The admin interface shows a shorter timeframe, so the right hand side of the SNMP idle graph matches generally the slope of CPU load shown in the router admin interface. However, it is much less “bumpy” than the router graph, meaning it is an average over a longer period than the one shown in the router interface. Even though my “system+user” measure is obviously broken, I could get the CPU load from this by using a formula of “100 – idle”. However, obviously I would prefer something more fine-grained.

Another hopeful approach I found is the OID for something called ProcessorLoad (.1.3.6.1.2.1.25.3.3.1.2.x). This one is a bit odd though, I believe the “x” part identifies the processor for which I want the statistics for (in this case my router only has one core, in more modern ones there are multiple). To find this out I do an snmpwalk on commandline:

snmpwalk -v2c -c public 192.168.2.1 .1.3.6.1.2.1.25.3.3.1.2

Which on my N66U gives me:

iso.3.6.1.2.1.25.3.3.1.2.196608 = INTEGER: 1

And on another AC68U that I also had access to it also gives another core with id 196609 (the AC68U is a dual-core router). The value (INTEGER:1) is the load of the processor. Using this, I get a load graph that is the opposite of the idle graph, so obviously it is now correctly measuring the load average over the same period as the idle graph is:

direct2

However, as before, this is obviously not as fine grained as I was hoping. For comparison, the admin graph again:

direct_router2

So is there another way I can get a finer granularity of information somehow? Looking and asking around a bit I did not find much information on this. However, somewhere on the mighty internet I did find information that the average value OIDs (1-15min) would be deprecated because the same information can be derived using the “raw” values. I already listed most of these “raw” measure OIDs in the beginning, but what is a raw value and how do I use them?

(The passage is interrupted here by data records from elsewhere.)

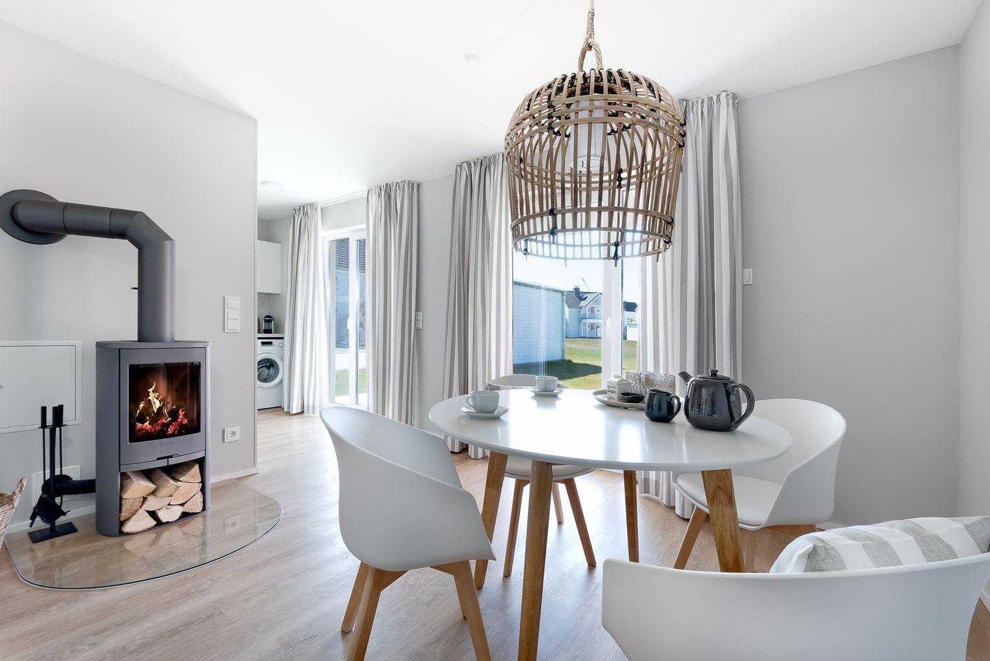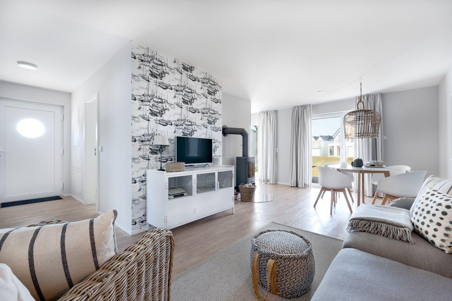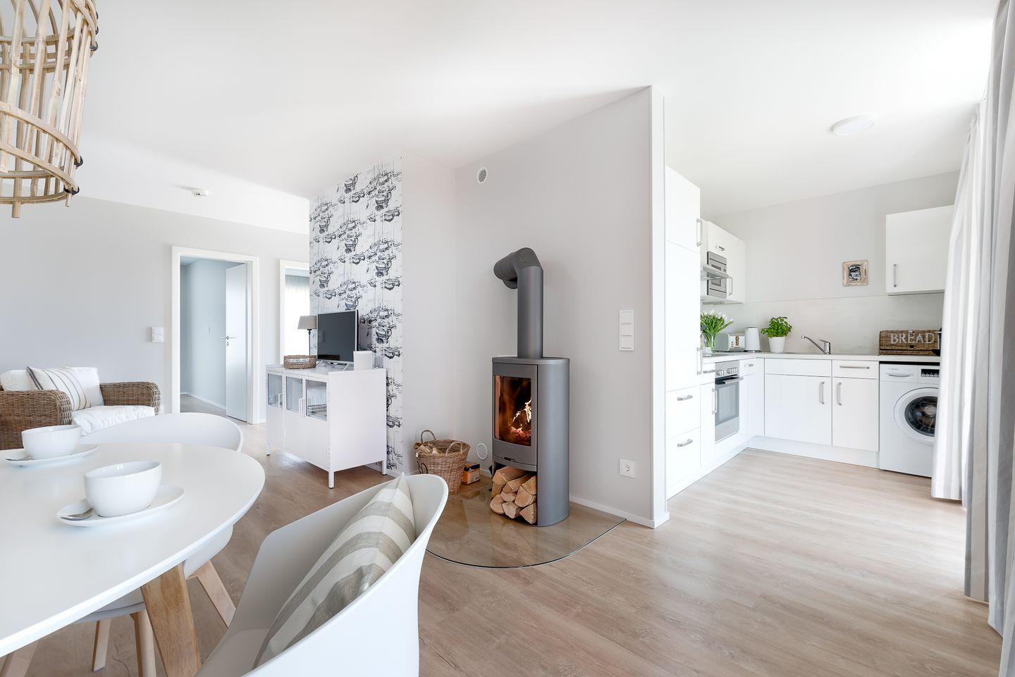 Egal, ob Sie die Sonne genießen oder lange Spaziergänge unternehmen möchten – in der Ferienwohnung "Nis Puk" erleben Sie erholsame und unvergessliche Urlaubstage. Die gemütliche Wohnung liegt nur ca. 600m vom Weidefelder Sandstrand und ist die perfekte Ausgangsbasis für Ihren Urlaub. Auch die Hafenpromenade mit ihren wachsenden Angeboten und die Marina des Ostsee Resorts Olpenitz sind bequem erreichbar. Zwei Sonnenterrassen mit Holzboden, umgeben von einer gepflegten Grünfläche, laden zum Entspannen und Sonnenbaden ein. Der Strandkorb bietet sich ideal für ruhige Lesestunden an oder um einfach die frische Meeresbrise zu genießen. Der Elektro-Grill ermöglicht Ihnen unvergessliche Grillabende zu verbringen. Der lichtdurchflutete Wohn- und Essbereich schafft mit der großen Fensterfronten eine helle und freundliche Atmosphäre. Die moderne, vollständig ausgestattete Küche lässt keine Wünsche offen und bietet neben Mikrowelle und Gefrierfach alles, was Sie für ausgedehnte Kochabende benötigen. Auch bei schlechtem Wetter ist für Abwechslung gesorgt: Ein Glasfaseranschluss und ein Smart TV mit Magenta sorgen für Unterhaltung an Regentagen. Die Ferienwohnung bietet zwei Schlafzimmer. Eines ist mit einem großen Doppelbett (180x200cm) mit getrennten Matratzen und einem Flachbild-Fernseher ausgestattet. Das andere Schlafzimmer verfügt über ein Einzelbett (90x200cm). Zusätzlich befindet sich hier ein Schreibtisch, der das Zimmer auch ideal für diejenigen macht, die während des Urlaubs arbeiten möchten. Beide Schlafzimmer sind jeweils mit einem Kleiderschrank und Verdunkelungsmöglichkeiten ausgestattet. Für Entspannung nach einem Spaziergang am Meer sorgt die Infrarot-Wärmekabine mit integriertem Hifi-Soundsystem. Eine bodentiefe Regendusche rundet das Wellness-Erlebnis ab. Zudem befinden sich im Badezimmer auch ein Handtuchheizkörper, ein kleiner Kosmetikspiegel und ein Föhn. Die Fußbodenheizung sorgt das ganze Jahr über für ein angenehmes Wohnklima. Ein privater PKW-Stellplatz direkt vor dem Haus, sowie ein abschließbarer Fahrradschuppen machen Ihren Aufenthalt noch bequemer.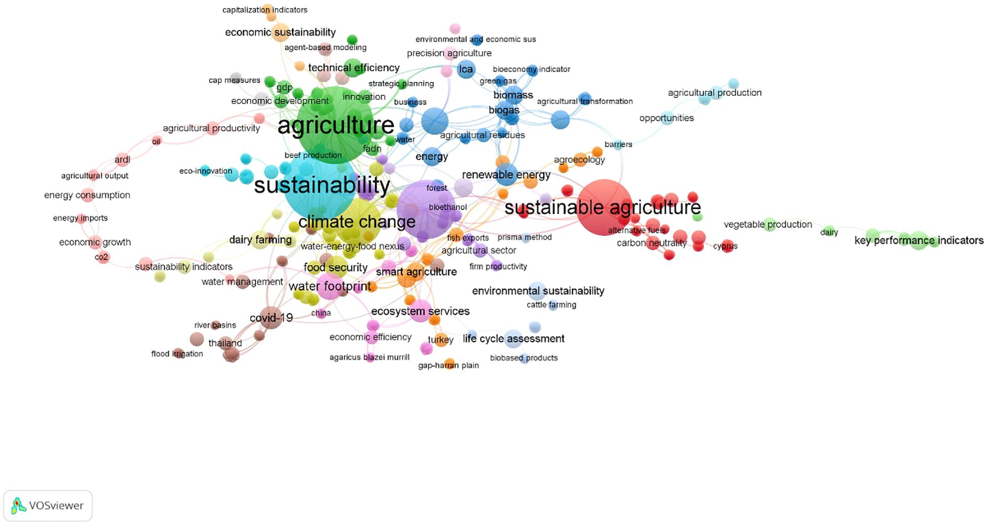 Colorful network map illustrating interconnected terms related to sustainability, agriculture, climate change, and energy. Larger nodes such as “agriculture,” “sustainability,” and “sustainable agriculture” are central, indicating key concepts. Connected smaller nodes represent related topics like “renewable energy,” “climate change,” and “food security.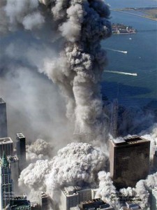 In this Sept. 11, 2001 photo made by the New York City Police Department and provided by ABC News, Tuesday Feb. 9, 2010 a World Trade Center tower implodes in New York, after terrorists flew two airliners into the towers. (AP Photo/NYPD, via ABC News, Det. Greg Semendinger ) MANDATORY CREDIT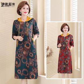 妈妈卫衣短袖套装40岁休闲中年女装洋气连帽宽松T恤...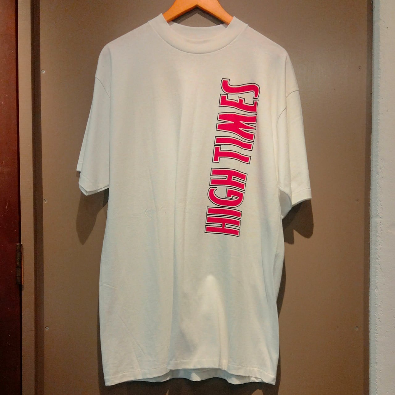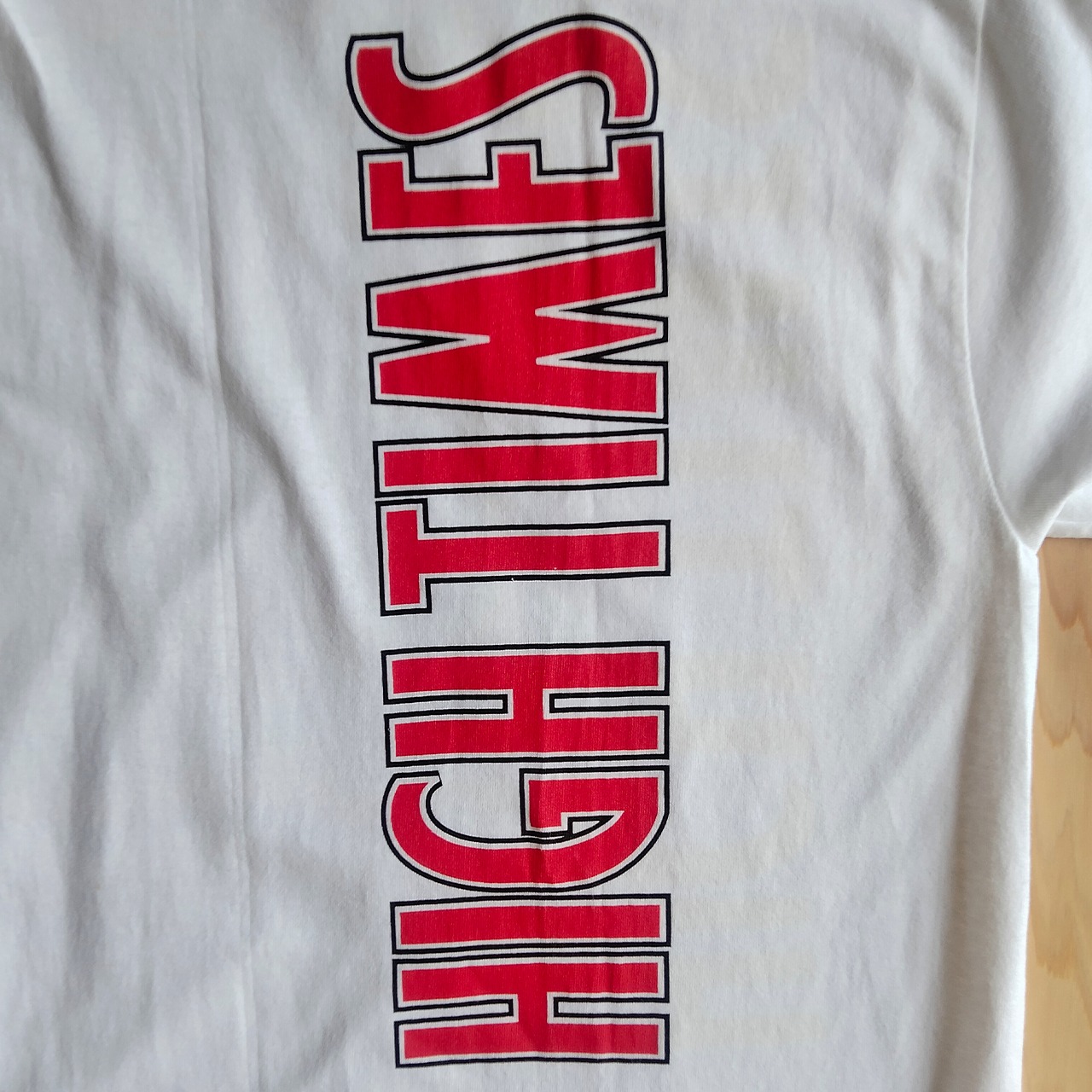 マリファナの花と”神は間違いをされません”の言葉が背中にプリントされ、胸には”High Times(ハイな時間)”がプリントされたTシャツです。
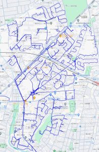 ※上図は西成瀬2丁目をポスティングした際のGPSデータです。

After some Google-fu (or flu) it turns out the “raw” values are something called CPU ticks. So what is such a tick? My understanding these are some values used internally to provide fine-grained time intervals that map to how much time the CPU spends in each state (system, user, idle, …). Anyway, they seem to be at quite granular level (much less than a second, and I was looking for one second precision), so maybe I can use these. And how do you calculate the percentage of CPU load from the raw values?

Again, not a huge amount of information on this. But I figure it can be done by adding all the different “raw” values together and calculating the percentage of busy values vs idle values in the observed time period. Here I use the diff of the values so if at second 1 the value is 5 and at second 2 it is 10, the actual number of ticks for the last period (second 2) is 10-5=5.

To calculate the percentage, if the raw values for “user”+”system”+”nice” sum up to 10 ticks in a second, and the raw value for “idle” is 90 ticks in the same second, I get a 10% CPU load for that second (with 90% idle). Of course, I cannot assume these values are not 0-100 or anything like that, but I have to assume there can be any number of ticks in a second. I also believe the number of ticks per second can also vary across a system, so I need a more dynamic calculation.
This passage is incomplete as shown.